Recorded data
--------

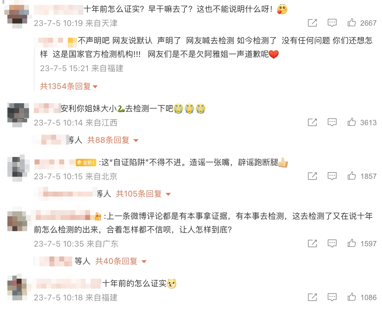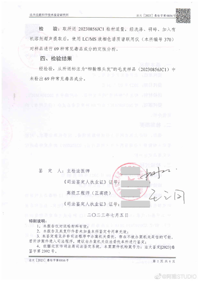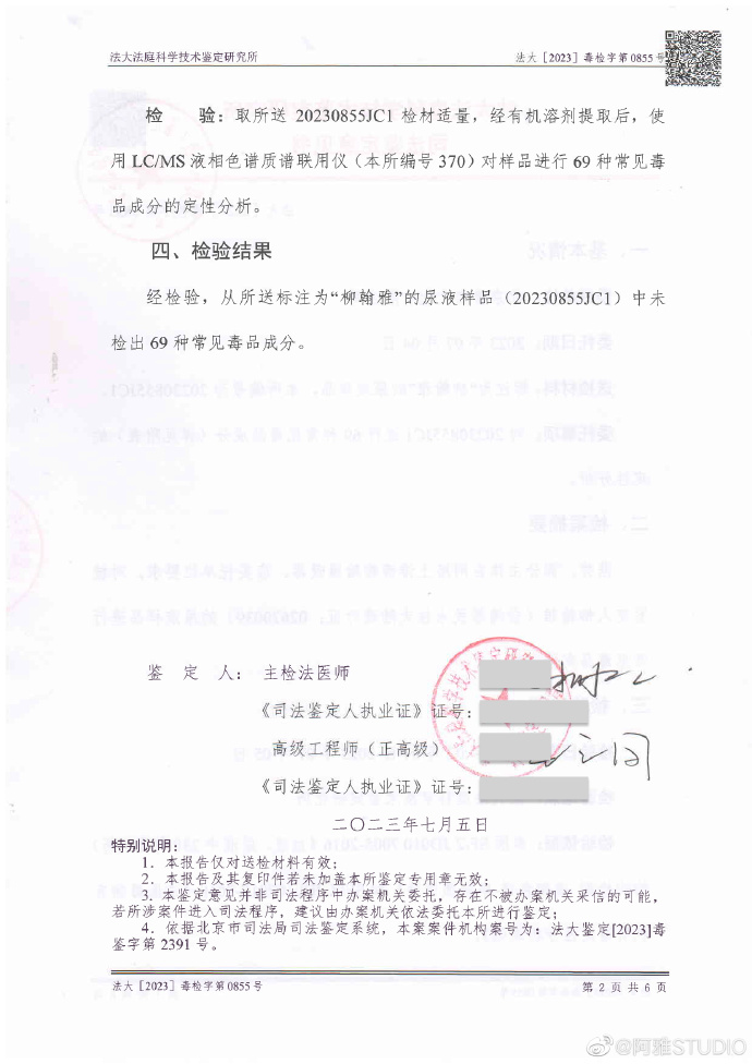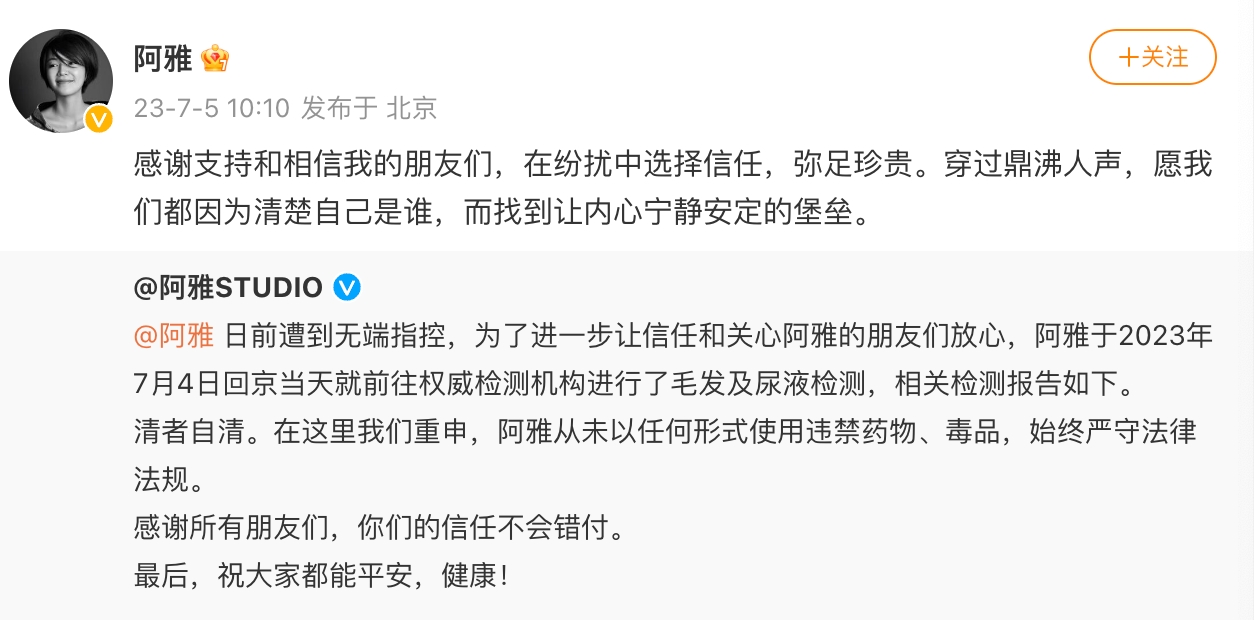 阿雅工作室5日在微博曬出毒品檢驗結果,毛髮跟尿液均沒有驗出69種毒品成分,她表示在2023年7月4日就到檢測機構進行檢測,「在這裡我們重申,阿雅從未以任何形式使用違禁藥物、毒品,始終嚴守法律法規。感謝所有朋友們,你們的信任不會錯付。」阿雅隨後轉發貼文並再度喊話:「感謝支援和相信我的朋友們,在紛擾中選擇信任,彌足珍貴。穿過鼎沸人聲,願我們都因為清楚自己是誰,而找到讓內心寧靜安定的堡壘。」
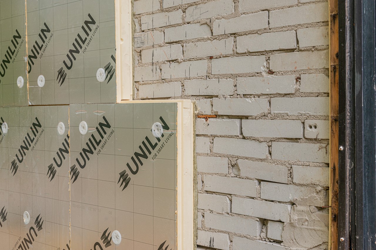De keuze van Bouwcenter RAB Amsterdam viel op de combinatie van Utherm Wall L Flex voor isolatie langs de buitenzijde (eerste verdieping) en Utherm Wall K Gyp voor isolatie langs de binnenzijde (begane grond). Twee oplossingen met een R-waarde die afhankelijk van de dikte van de PIR-platen kan oplopen tot respectievelijk 7,90 m²K/W en 5,50 m²K/W. “Vooral met de Utherm Wall L Flex-platen moesten grote oppervlakten worden bedekt”, aldus Bavinck. “Ze werden op de bouwplaats geleverd in het standaardformaat van 1.200 x 600 mm en aan de buitenkant tegen de oneffen bakstenen muur gemonteerd. We hadden er nog geen ervaring mee, maar het bleek een licht, slank en handig product dat makkelijk op maat kan worden gezaagd.”
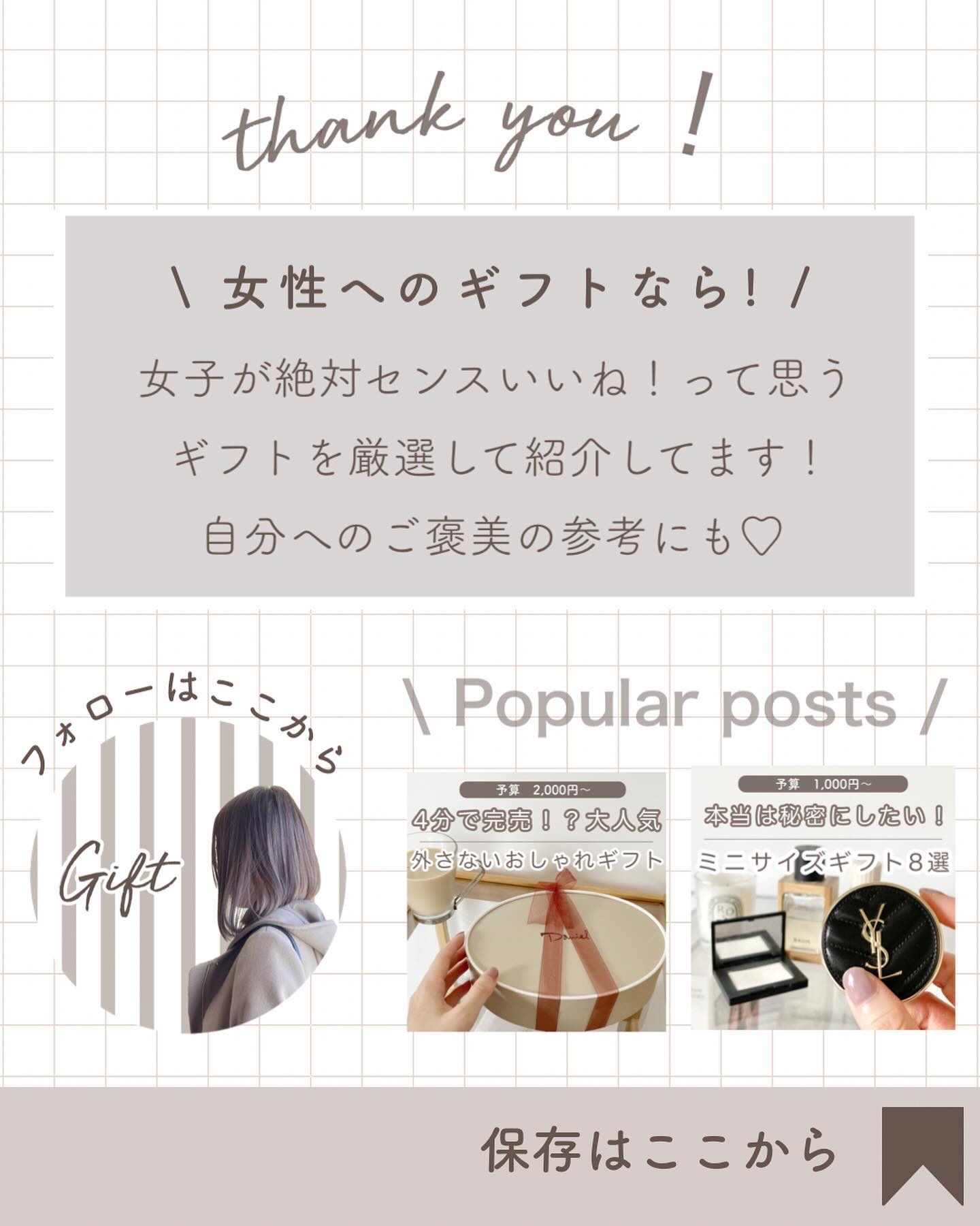 プチプラだからお配り用や自分への プチプレゼントにしてもいいね😍 20代向けの贈って喜ばれるギフト& 自分へのご褒美にもなるおしゃれな アイテムを紹介してるよ❤️ 限定情報やお得情報もストーリーでお知らせ🎁
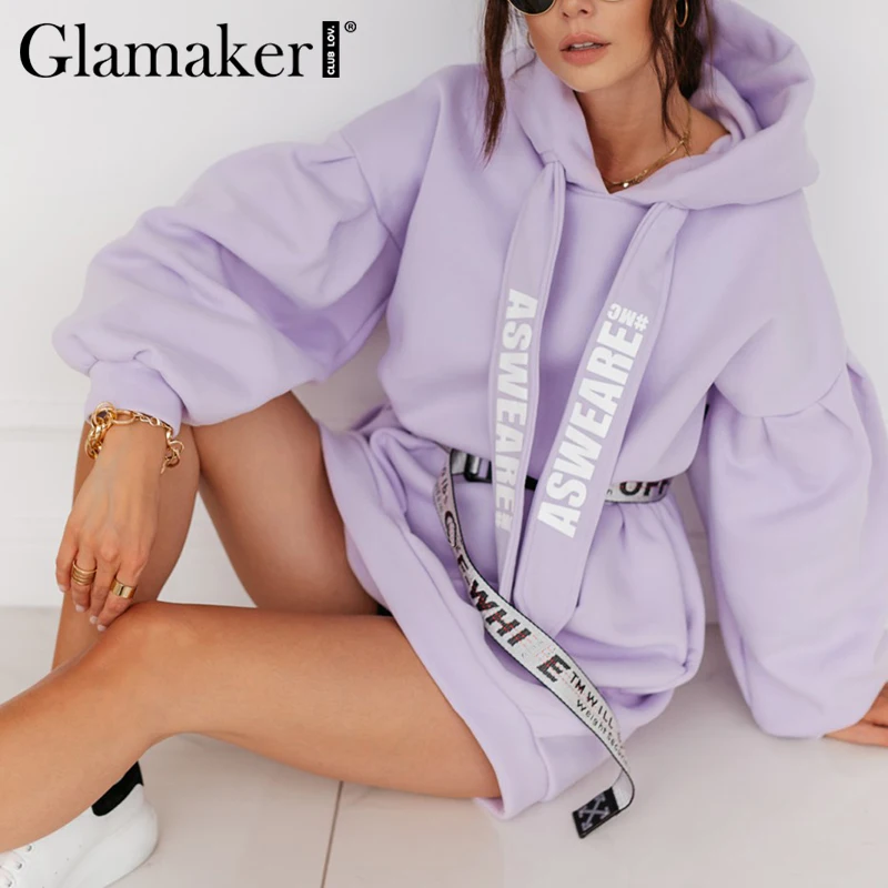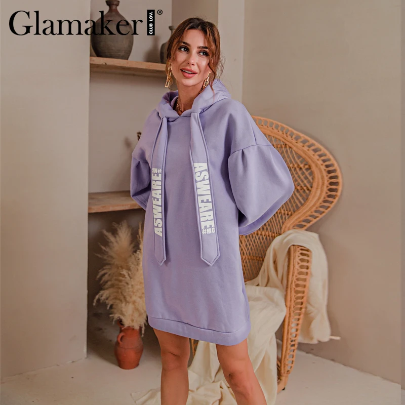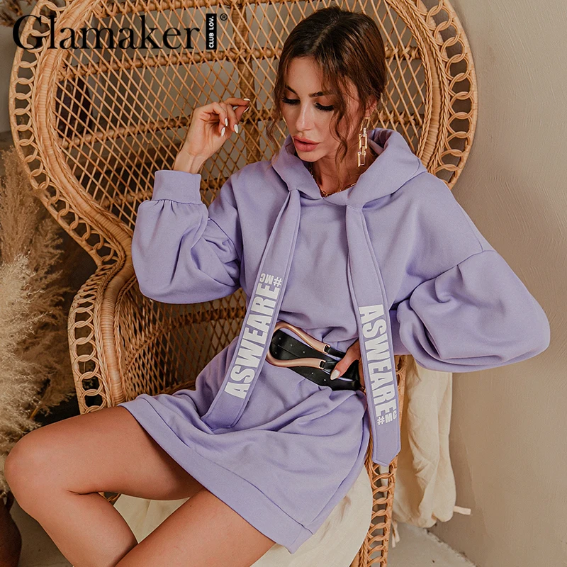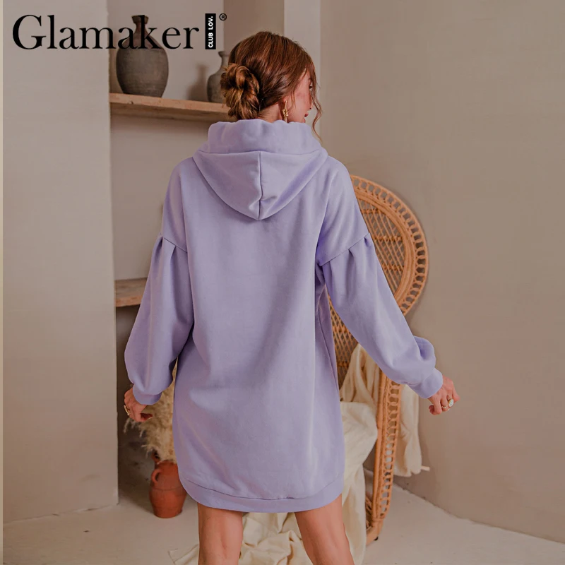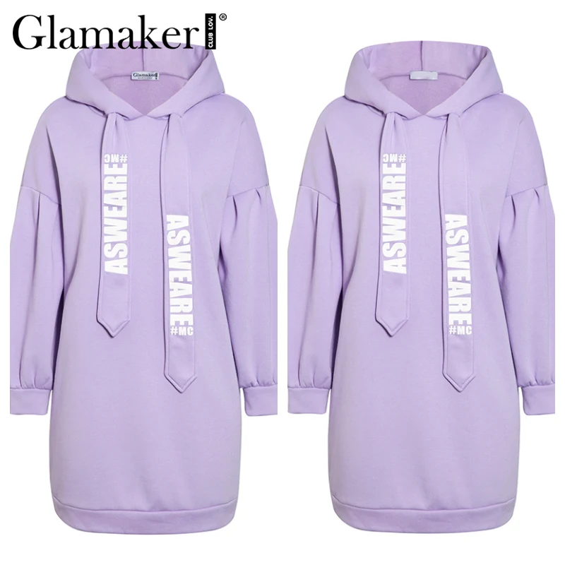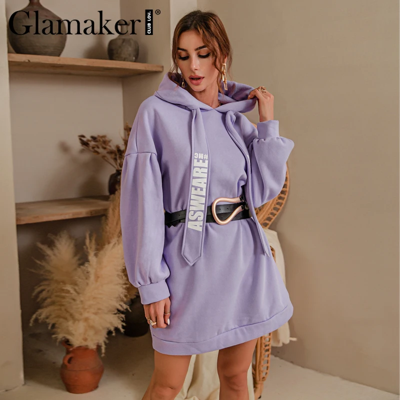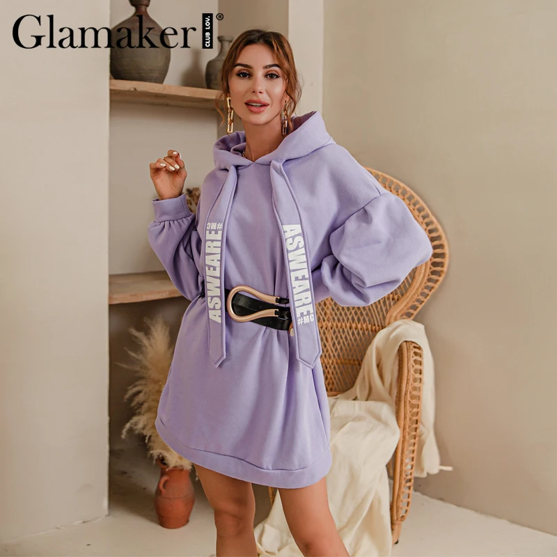 Glamaker Purple loose sweatshirt hoodies fashion women casual autumn long sleeve sweatshirt dress female oversize sweatshirt
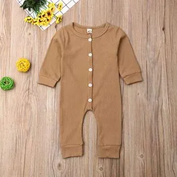 This adorable jumpsuit features a classic solid color design that makes it versatile and easy to mix and match with other wardrobe pieces. Available in various sizes, it fits true to size, so you can dress your newborn with confidence. Parents have praised its perfect fit, affirming how well it drapes on little bodies and how much their baby enjoys wearing it.
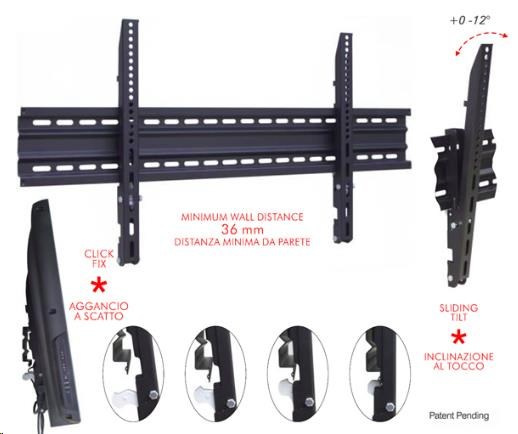 Technické údaje: nosnosť 60kg na TV 37" - 65" vzdialenosť od steny len 36mm náklon 0 / -12 st. VESA 100x100 - 800x400mm patentovaný systém náklonu a zámku TV moderný dizajn dodávané vrátane montážneho materiálu odolná čierna farba záruka 5 rokov
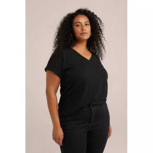 WE Fashion Curve top met ingebreid patroon zwart
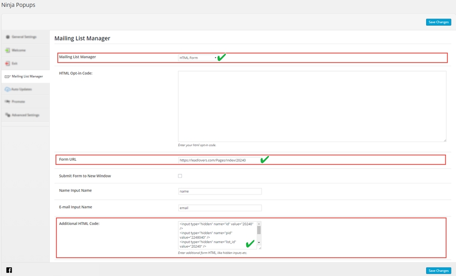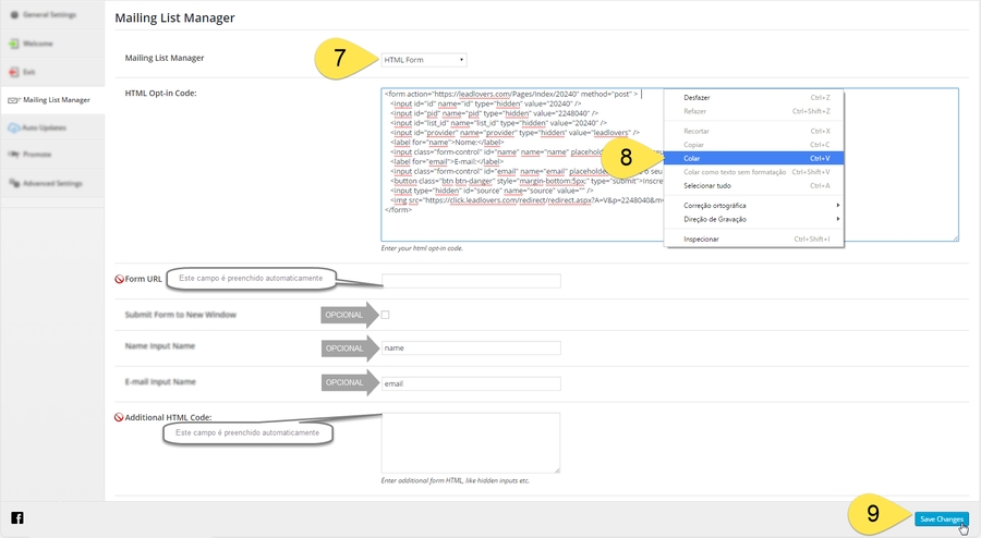 Nº 7 Selecione a opção HTML Form Nº 8 Em HTML Opt-in Code, cole o código do formulário leadlovers Nº 9 Clique em Save Changes para concluir Obs²: Após salvar, os campos Form URL e Additional HTML Code serão automaticamente preenchidos e o campo HTML Opt-in Code ficará em branco.
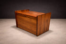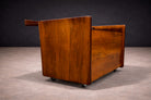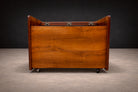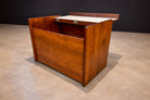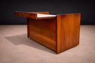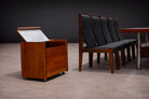 The façade presents as a continuous wooden plane, emphasizing structural clarity and visual restraint. A hinged, top-lifting panel opens to reveal a white Formica-lined interior surface—an intentional contrast that underscores the modernist dialogue between natural material and industrial finish. The integration of Formica speaks to the period’s embrace of new technologies while maintaining a commitment to craftsmanship.
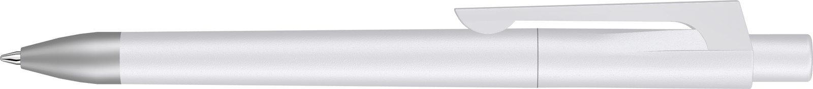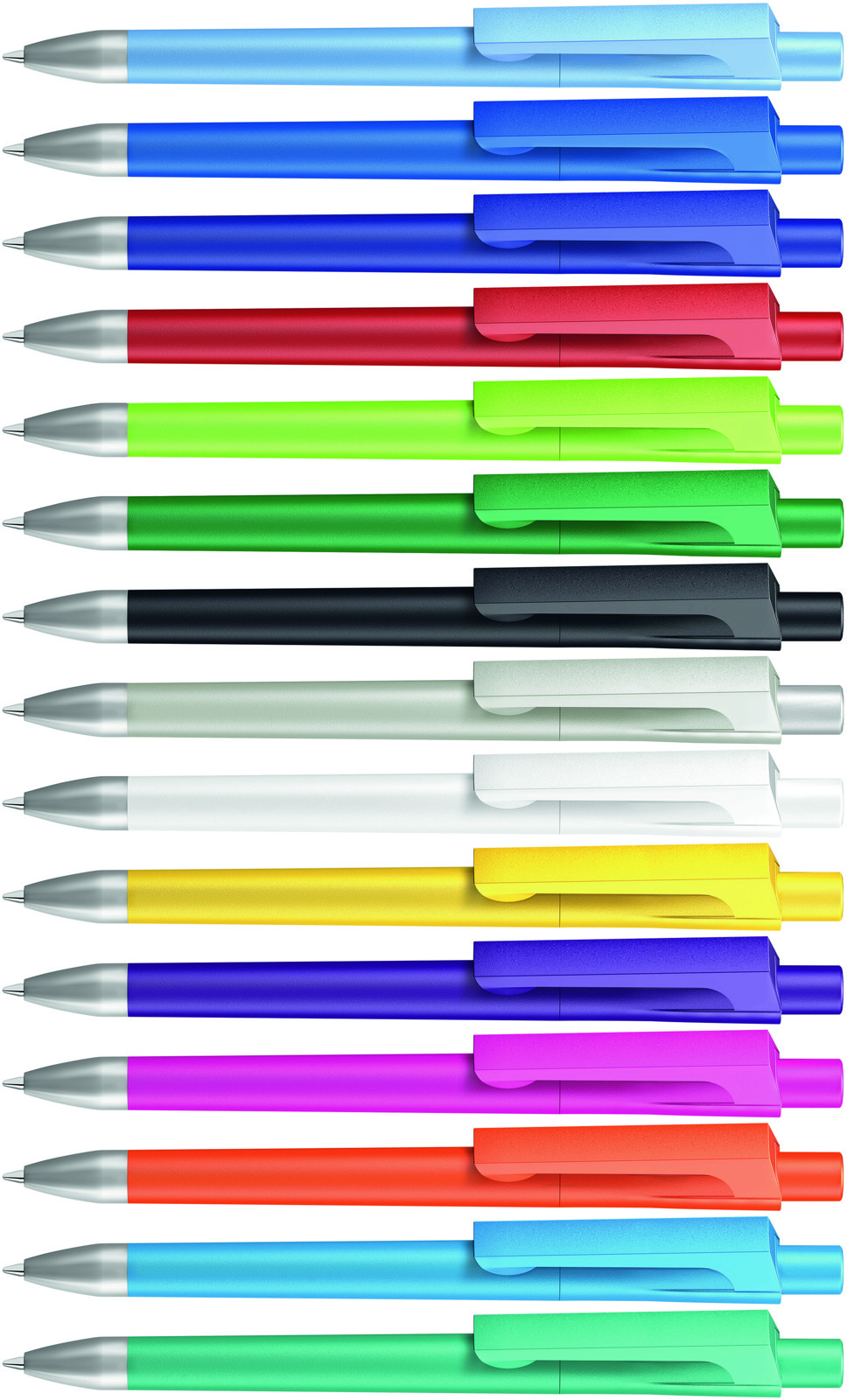 Dreh-Kugelschreiber mit integriertem Stylus und ultradünnem Gehäuse aus Aluminium mit geschmeidigem Metallic-Finish in verschiedenen Farben und farblich passendem Stylus. Kontrastdetails und Ringe in Silber. Blaue Tinte.

--------

> [Task objective]:
Only the lines above from the one containing "Technické údaje: nosnosť" through the one containing "WE Fashion Curve" should be returned, verbatim and inclusive, with pictures excluded.

> [Task answer]:
 Technické údaje: nosnosť 60kg na TV 37" - 65" vzdialenosť od steny len 36mm náklon 0 / -12 st. VESA 100x100 - 800x400mm patentovaný systém náklonu a zámku TV moderný dizajn dodávané vrátane montážneho materiálu odolná čierna farba záruka 5 rokov
 WE Fashion Curve top met ingebreid patroon zwart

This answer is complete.